• [Exercise directions]:
Would you please copy only the lines from the line that contains "志愿者给老人按摩肩颈,老人们" to the end of the data below, exactly, leaving every picture out?

• [Data block]:
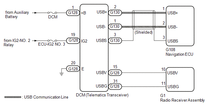 The telematics system uses USB communication between devices. If an open, short, short to +B or short to ground occurs in the USB circuit, communication is interrupted and the telematics system will not operate normally.
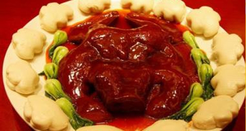 扒烧整猪头是江苏地区汉族传统名菜,属于淮扬菜系,是将新鲜的猪头去除骨头、毛,从中间切开后洗净,放入锅中加入酱油、盐、冰糖等调品料煮烂即可食用。本菜肉质烂熟,肥而不腻,香气扑鼻,甜中带咸。是一道老少皆宜的美食。[详细]
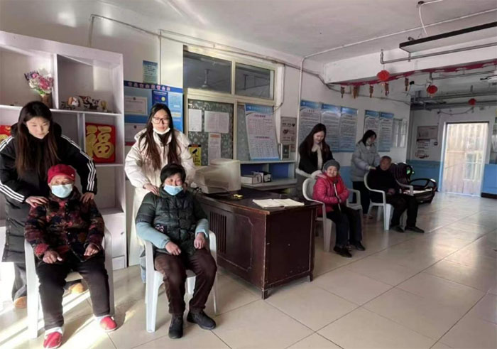 志愿者给老人按摩肩颈,老人们表示通过按摩,身体舒适度明显提高,疲劳也得到缓解,同时志愿者耐心聆听老人过去的生活琐事以及年轻的梦想。
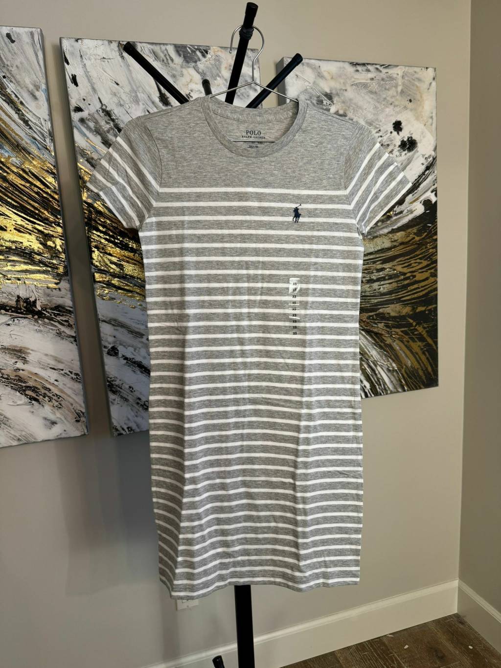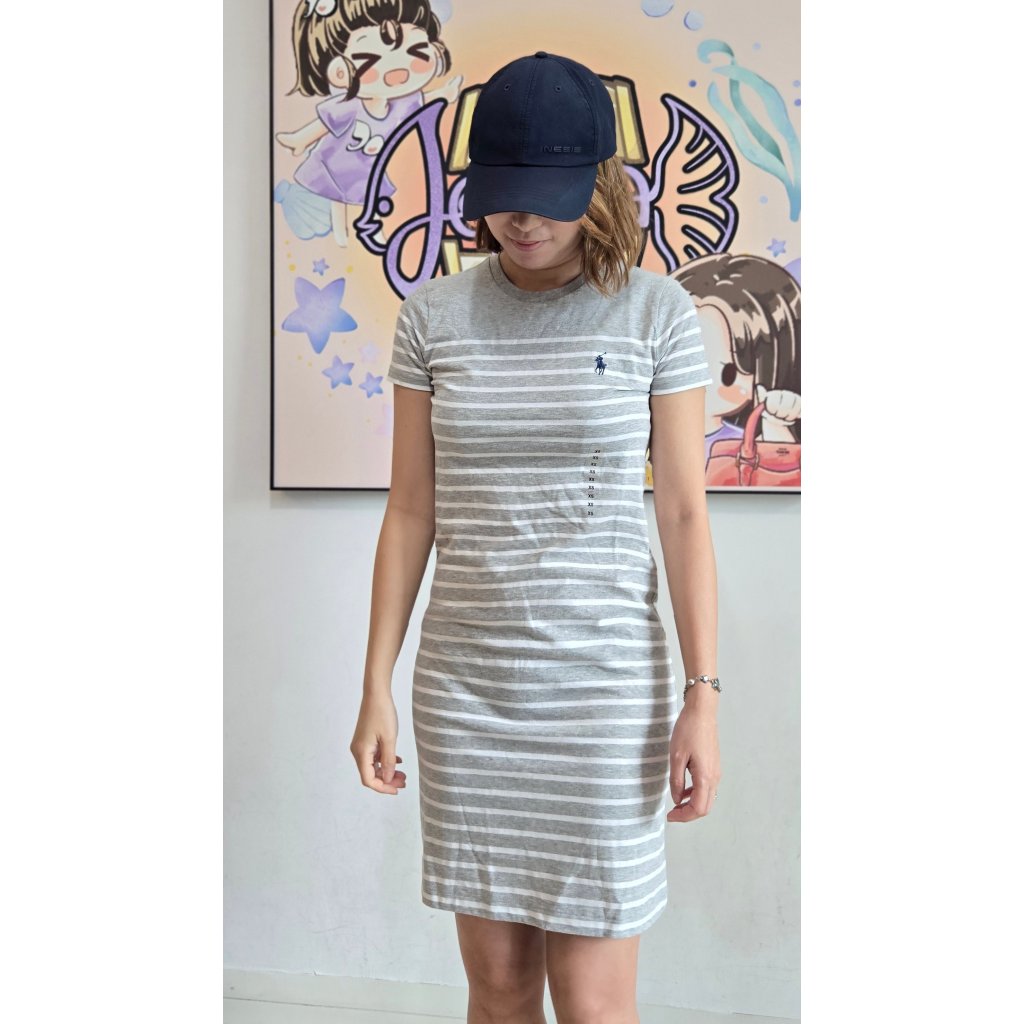(加拿大現貨) Polo Ralph Lauren 女裝短袖連身裙 (灰白間條) XS33"

• [Response below]:
 志愿者给老人按摩肩颈,老人们表示通过按摩,身体舒适度明显提高,疲劳也得到缓解,同时志愿者耐心聆听老人过去的生活琐事以及年轻的梦想。
(加拿大現貨) Polo Ralph Lauren 女裝短袖連身裙 (灰白間條) XS33"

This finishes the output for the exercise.